The average number of photons emitted per second is \( 5 \times 10^{15} \).

Answer: \(\boxed{C}\)

Answer 2

Step 1: Recall the formula for the energy of a photon.

The energy of a single photon (\( E \)) is given by:

\[ E = \frac{hc}{\lambda}, \]

where:

• \( h = 6.6 \times 10^{-34} \, \text{J·s} \) is Planck's constant,
• \( c = 3 \times 10^8 \, \text{m/s} \) is the speed of light, and
• \( \lambda = 300 \, \text{nm} = 300 \times 10^{-9} \, \text{m} \) is the wavelength of the light.

 

Substitute the values to calculate the energy of one photon:

\[ E = \frac{(6.6 \times 10^{-34})(3 \times 10^8)}{300 \times 10^{-9}}. \]

Simplify:

\[ E = \frac{19.8 \times 10^{-26}}{300 \times 10^{-9}} = \frac{19.8 \times 10^{-26}}{3 \times 10^{-7}} = 6.6 \times 10^{-19} \, \text{J}. \] ---

Step 2: Calculate the total number of photons emitted per second.

The power of the laser (\( P \)) is the total energy emitted per second.
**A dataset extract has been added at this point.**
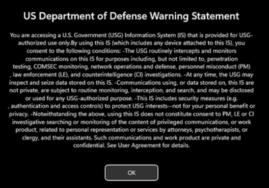 8.  Read and select OK on the US Department of Defense Warning Statement
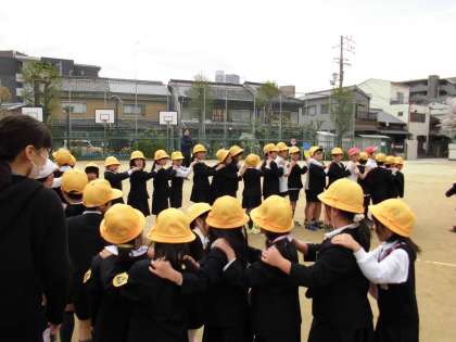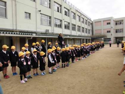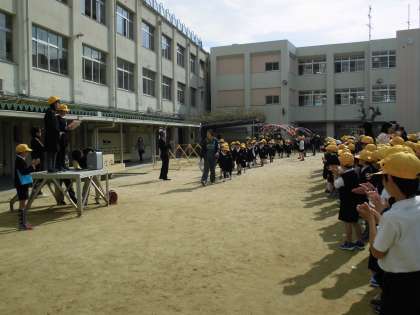 13日の児童朝会で1年生を迎える会を行いました。1年生はお祝いのメダルをかけてもらいました。その後じゃんけん列車をして全校で楽しく遊びました。

The total number of photons emitted per second (\( N \)) can be calculated as:

\[ N = \frac{P}{E}, \]

where:

• \( P = 3.3 \, \text{mW} = 3.3 \times 10^{-3} \, \text{J/s}, \) and
• \( E = 6.6 \times 10^{-19} \, \text{J}. \)

 

Substitute the values:

\[ N = \frac{3.3 \times 10^{-3}}{6.6 \times 10^{-19}}. \]

Simplify:

\[ N = 0.5 \times 10^{16} = 5 \times 10^{15}. \] ---

Final Answer: The average number of photons emitted per second is \( \mathbf{5 \times 10^{15}} \), which corresponds to option \( \mathbf{(C)} \).